Your task —
Print all of the data exactly, but drop the pictures.

Data excerpt —

######

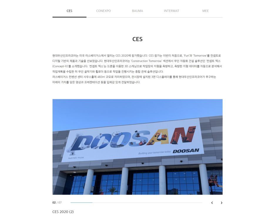 • 비전: ‘인류의 풍요로운 삶에 기여하는 글로벌 건설기계 및 엔진 선도 기업’
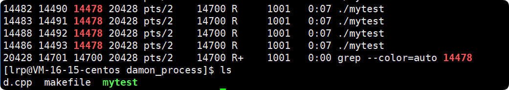 14478 14479 14478 20428 pts/2 18519 T 1001 1:36 ./mytest
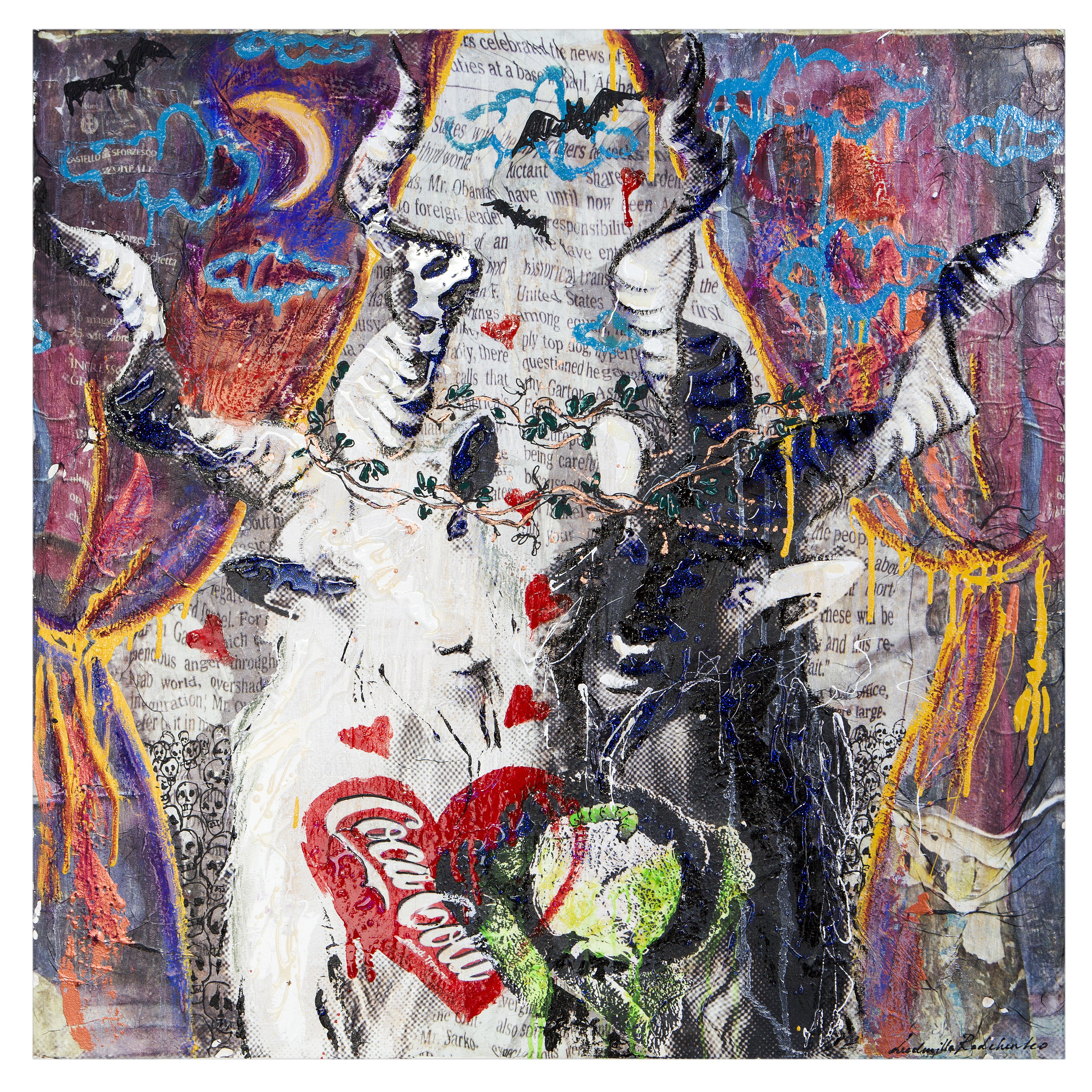 THEATRE DU CAPRON, 100X100. COLLAGE SU TELA , ACRILICO E RESINA. SERIE HUMAN SOCIETY, REALIZZATA NEL 2012. L'IDEA È ISPIRATA A OPERA DI GOYA " GRANDE CAPRONE". E LE CAPRE DELLA RADCHENKO SU NUTRONO DELLA BIBITA DI CONSUMO PIÙ POPOLARE - COCA COLA, OLTRE AL CAVOLO POSSEDUTO DAL BRUCO. I CAPRONI RAPPRESENTANO UN APPARATO POLITICO CHE ESIBISCE IN UNA SPECIE DEL TEATRO CON IL SIPARIO CREATO DALLE AFFISSIONI DELLA SCALA, E DIETRO L'OPERA SI VEDE IL PUBBLICO CHE NON HA PIÙ NE ANIMA NE PERSONALITÀ, NON SI ACCORGONO NEMMENO LORO CHE ORMAI, A FORZA DI SENTIRE I CAPRONI SONO DIVENTATI GLI SCHELETRI. THEATER DU CAPRON, 100X100. COLLAGE ON CANVAS, ACRYLIC AND RESIN. HUMAN SOCIETY SERIES, CREATED IN 2012. THE IDEA IS INSPIRED BY GOYA "GRANDE CAPRONE". AND RADCHENKO'S GOATS FEED ON THE MOST POPULAR CONSUMABLE DRINK - COCA COLA, IN ADDITION TO THE CABBAGE POSSESSED BY THE WORM. THE GOATS REPRESENT A POLITICAL APPARATUS THAT EXHIBITS IN A KIND OF THEATER WITH THE CURTAIN CREATED BY THE BILLBOARDS OF THE SCALA, AND BEHIND THE ARTWORK YOU CAN SEE THE PUBLIC WHO NO LONGER HAS A SOUL OR PERSONALITY, THEY DO NOT EVEN NOTICE THAT BY NOW, BY FORCE TO HEAR THE GOATS HAVE BECOME SKELETONS. MAKE YOUR PROPOSAL FOR THE PURCHASE OF THIS ARTWORK.

######

Written solution —
 • 비전: ‘인류의 풍요로운 삶에 기여하는 글로벌 건설기계 및 엔진 선도 기업’
 14478 14479 14478 20428 pts/2 18519 T 1001 1:36 ./mytest
 THEATRE DU CAPRON, 100X100. COLLAGE SU TELA , ACRILICO E RESINA. SERIE HUMAN SOCIETY, REALIZZATA NEL 2012. L'IDEA È ISPIRATA A OPERA DI GOYA " GRANDE CAPRONE". E LE CAPRE DELLA RADCHENKO SU NUTRONO DELLA BIBITA DI CONSUMO PIÙ POPOLARE - COCA COLA, OLTRE AL CAVOLO POSSEDUTO DAL BRUCO. I CAPRONI RAPPRESENTANO UN APPARATO POLITICO CHE ESIBISCE IN UNA SPECIE DEL TEATRO CON IL SIPARIO CREATO DALLE AFFISSIONI DELLA SCALA, E DIETRO L'OPERA SI VEDE IL PUBBLICO CHE NON HA PIÙ NE ANIMA NE PERSONALITÀ, NON SI ACCORGONO NEMMENO LORO CHE ORMAI, A FORZA DI SENTIRE I CAPRONI SONO DIVENTATI GLI SCHELETRI. THEATER DU CAPRON, 100X100. COLLAGE ON CANVAS, ACRYLIC AND RESIN. HUMAN SOCIETY SERIES, CREATED IN 2012. THE IDEA IS INSPIRED BY GOYA "GRANDE CAPRONE". AND RADCHENKO'S GOATS FEED ON THE MOST POPULAR CONSUMABLE DRINK - COCA COLA, IN ADDITION TO THE CABBAGE POSSESSED BY THE WORM. THE GOATS REPRESENT A POLITICAL APPARATUS THAT EXHIBITS IN A KIND OF THEATER WITH THE CURTAIN CREATED BY THE BILLBOARDS OF THE SCALA, AND BEHIND THE ARTWORK YOU CAN SEE THE PUBLIC WHO NO LONGER HAS A SOUL OR PERSONALITY, THEY DO NOT EVEN NOTICE THAT BY NOW, BY FORCE TO HEAR THE GOATS HAVE BECOME SKELETONS. MAKE YOUR PROPOSAL FOR THE PURCHASE OF THIS ARTWORK.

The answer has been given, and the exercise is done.